Ce numéro de Finances & Développement réunit des chercheurs de tout premier plan pour nous aider à mieux comprendre l’essoufflement des gains de productivité et à trouver comment contrer ces tendances et redynamiser l’économie.

C’est Michael Peters, économiste à Yale, qui ouvre le ban avec un examen approfondi des causes du ralentissement des gains de productivité aux États-Unis. Le dynamisme en berne de la première économie mondiale menace d’entraîner des répercussions dans tous les pays. Selon lui, une partie de la solution réside peut-être dans un recours accru à la main-d’œuvre immigrée pour compenser la diminution de la population active et des règles de concurrence plus strictes pour encourager l’innovation dans les entreprises de plus petite taille, plus jeunes et plus « affamées ».

Ces petites entreprises peuvent stimuler les gains de productivité, écrit Ufuk Akcigit, de l’Université de Chicago, qui cherche à comprendre pourquoi la hausse des dépenses américaines pour la recherche–développement ne se traduit pas nécessairement par une productivité accrue. Il montre à quel point les petites entreprises sont proportionnellement plus innovantes que les autres, peut-être parce qu’elles utilisent leurs ressources de R&D de manière plus efficiente. Quand les entreprises se développent et acquièrent une position dominante, elles se mettent souvent à protéger leur part de marché plutôt qu’à favoriser l’innovation.

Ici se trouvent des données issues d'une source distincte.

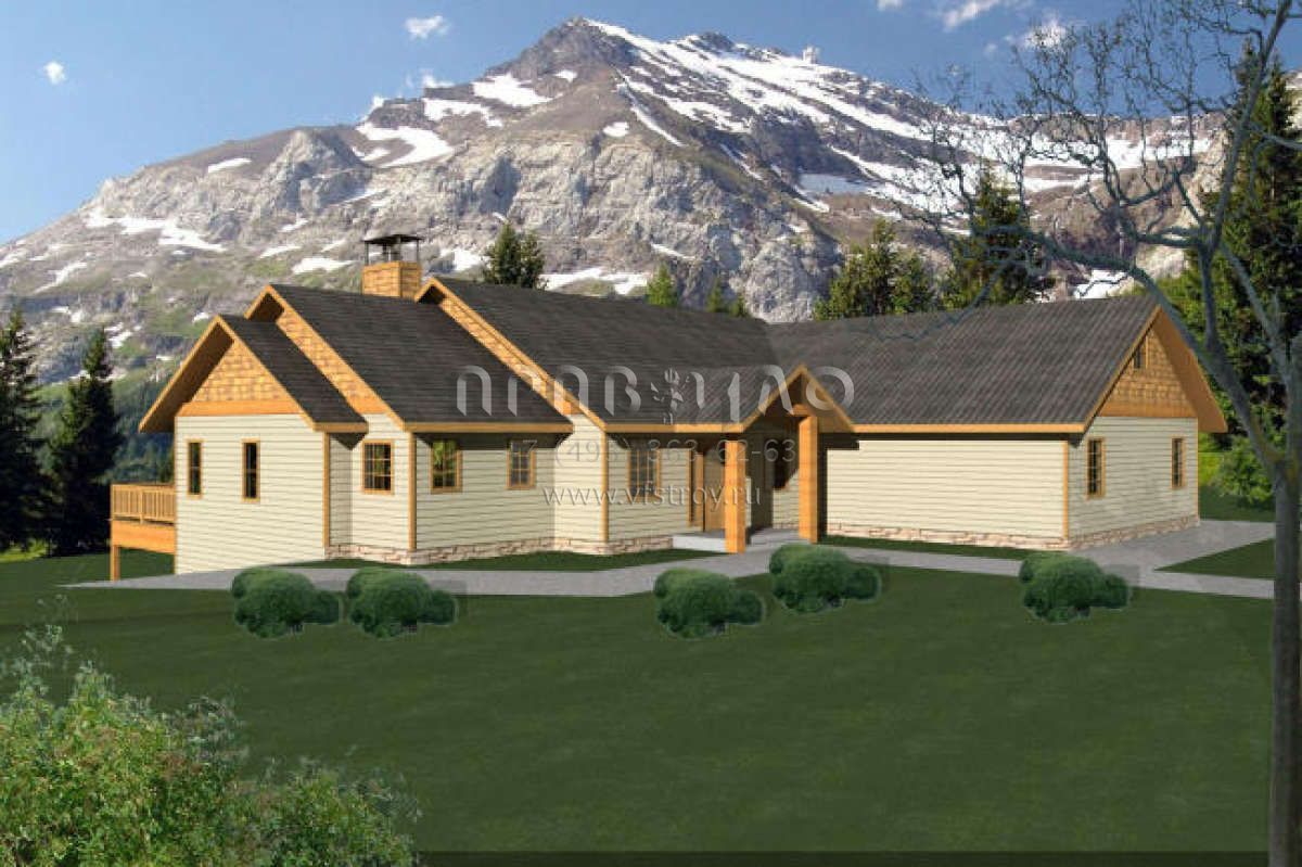Большая площадь участка позволяет выбрать одноэтажный проект дома, особенно если в семье есть пожилые люди, инвалиды или маленькие дети.

Mais si l’innovation est précisément indispensable pour relancer la croissance de la productivité, elle n’est pas suffisante en soi. Les nouvelles technologies et la transformation numérique, notamment l’intelligence artificielle, peuvent à terme engendrer une forte augmentation de la productivité, indique Michael Spence, lauréat du prix Nobel. Toutefois, pour donner sa pleine mesure sur le plan économique, l’IA doit être accessible à l’ensemble des secteurs et des entreprises, petites ou grandes, conclut‑il.

Les politiques comptent aussi. Dans ce domaine, nos contributeurs laissent entendre que des mesures devraient être prises pour encourager une réaffectation plus efficace des ressources, des entreprises les moins productives vers les entreprises de plus petite taille et les jeunes pousses, plutôt qu’au profit exclusif des grandes entreprises déjà en place. Ces mesures pourraient prendre la forme de crédits d’impôt, de subventions aux stades initiaux de l’innovation, de programmes de reconversion professionnelle et de politiques encourageant la concurrence et abaissant les barrières à l’entrée de nouveaux acteurs.

Il est primordial de mieux comprendre comment naissent les gains de productivité, car ils jouent un rôle tout à fait considérable dans la croissance économique, que nous devons repenser, comme l’affirme Daniel Susskind du King’s College de Londres, afin qu’elle contribue à améliorer le quotidien des populations. En dernier ressort, une société productive devrait, pour reprendre les termes du prix Nobel Edmund Phelps, permettre une « prospérité de masse », de la base jusqu’au sommet.

Vous découvrirez bien d’autres sujets dans ce numéro, avec des articles qui, je l’espère, feront germer de nouvelles idées et fleurir de nouveaux débats.

GITA BHATT, rédactrice en chef

Les opinions exprimées dans la revue n’engagent que leurs auteurs et ne reflètent pas nécessairement la politique du FMI.